In this paper, finite element numerical simulations were conducted to investigate the pullout capacity of suction anchors under inclined loading. The study examined the effects of varying soil parameters S_um/kD and layer thickness ratios T_h/L and T_c/L on the optimum centerline loading depth Z_cl,opt, uniaxial ultimate bearing capacity (H_ult and V_ult), and VH failure envelope of suction anchors. The main conclusions are as follows.

(1) The layer thickness ratio Th/L of the LOC is the core factor controlling Z_cl,opt. When the suction anchor partially embeds into the LOC layer, as the LOC layer thickness increases, the upper portion of the suction anchor contributes more lateral friction resistance. To balance the moments, the suction anchors Z_cl,opt shifts downward. When the suction anchor is fully embedded in the LOC soil layer, Z_cl,opt depends solely on the parameters of the LOC soil mass.

(2) The thickness ratio T_h/L of the LOC soil layer is the core factor determining the uniaxial ultimate bearing capacity, as the undrained shear strength of the LOC layer is significantly higher than that of the NC layer.With the larger the length of the suction anchor embedded into the LOC layer, the combined effect of lateral friction resistance and end resistance at the anchor-soil interface becomes more pronounced. The layered soil makes the soil strength along the clay surface exhibit non-uniformity. The increase in S_um/kD enhances the uniaxial bearing capacity of layered clay. The thickness of the NC layer T_c/L, has little effect on the horizontal ultimate bearing capacity H_ult but significantly influences the vertical ultimate bearing capacity V_ult.

(3) The strength of the LOC soil is relatively high. As the thickness ratio T_h/L increases, the contact area between the suction anchor and the high-strength clay expands, which provides more uniform and greater lateral friction at the anchor-soil interface. When the horizontal bearing capacity increases, the decrease in vertical bearing capacity becomes more gradual. The lower bound solution for the VH failure envelope of the corresponding layered soil has been obtained.

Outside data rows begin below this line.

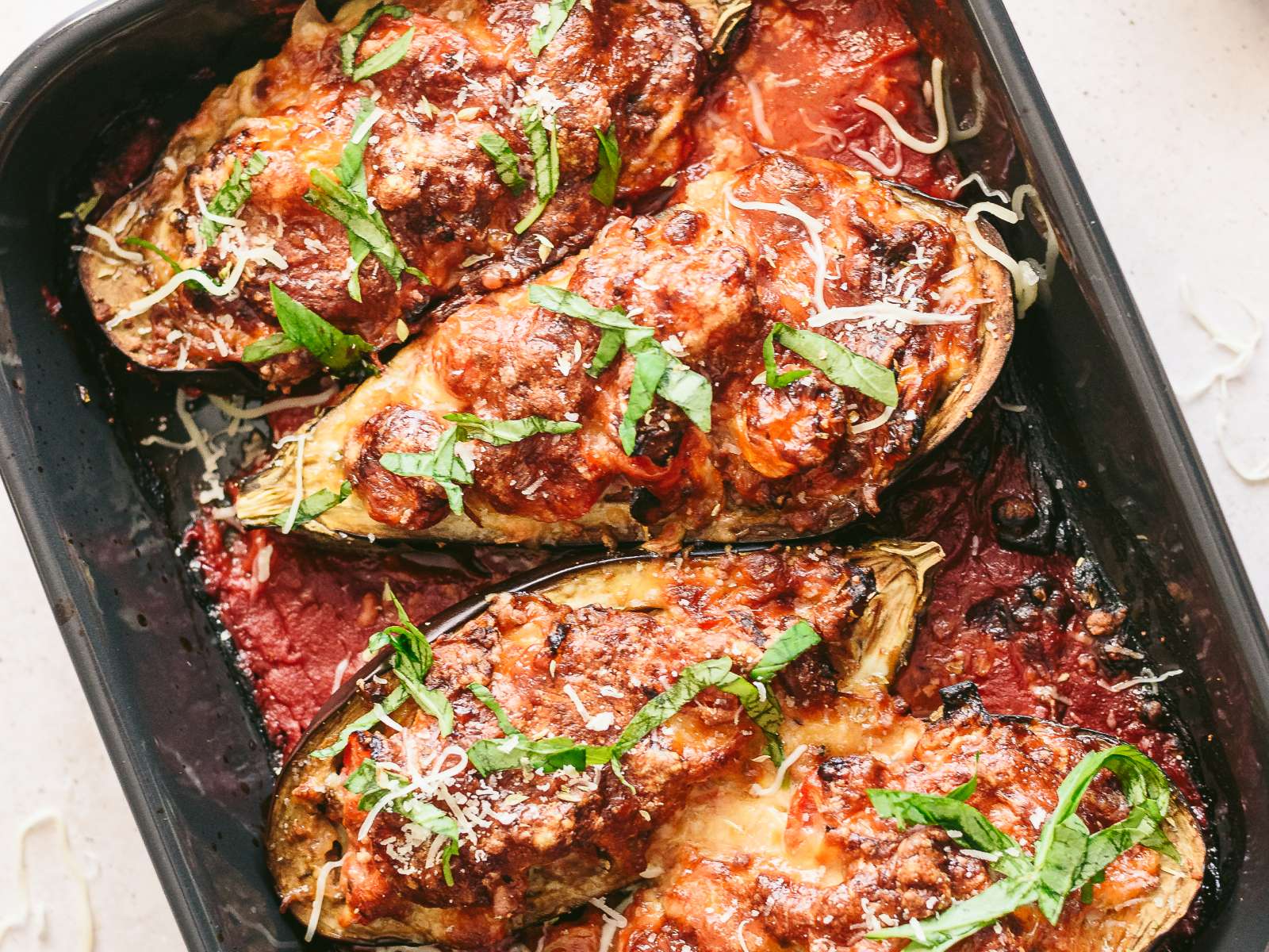 Colocar sobre o molho fatias de beringela, tomate e curgete alternadamente começando na margem da frigideira até ao centro, formando uma espiral.
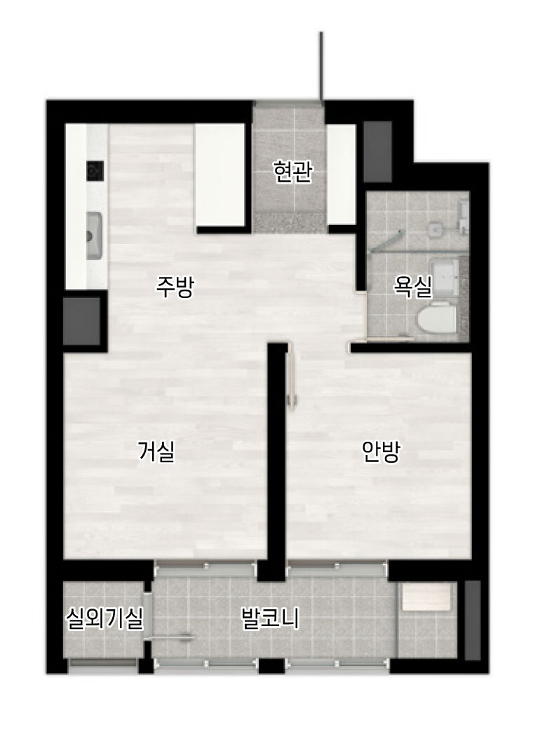 주방 은전 형적인 타워형 구조로 복도에서 다용도실 입구까지 길게 빠져 있으며 무난해 보입니다. 다용도실이 59A Type과 달리 기둥 때문에 네모 반듯하지 않고 공간의 희생이 있어 조금 아쉽습니다. 부부욕실 역시 샤워공간이 다소 희생된 점 59A와 같습니다. 현관 한쪽 신발장 , 안방 발코니 모두 59A Type과 큰 차이가 없습니다.
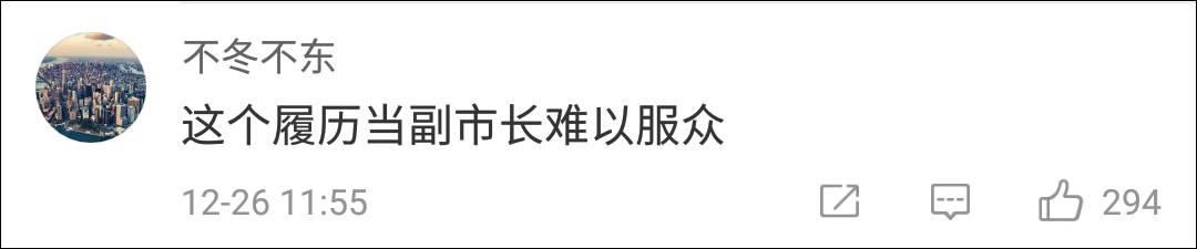 年輕幹部擔任主要領導崗位的新聞早已不再新鮮,這次引起輿論巨大討論的則是她的履歷。不少網友質疑説,像她這樣的沒有基層經驗的可以這樣嗎?還有網友直接表示,她這個履歷當副市長難以服眾。

(4) A comparative analysis of the pullout bearing capacity of suction anchors under inclined loads in layered clay and homogeneous clay reveals that soil layering significantly affects the bearing capacity of suction anchors. In homogeneous clay, the pullout bearing capacity of suction anchors is solely influenced by the soil strength S_um/kD. In contrast, the pullout bearing capacity in layered clay is affected by factors including the soil strength S_um/kD and the soil layer thickness ratio T/L.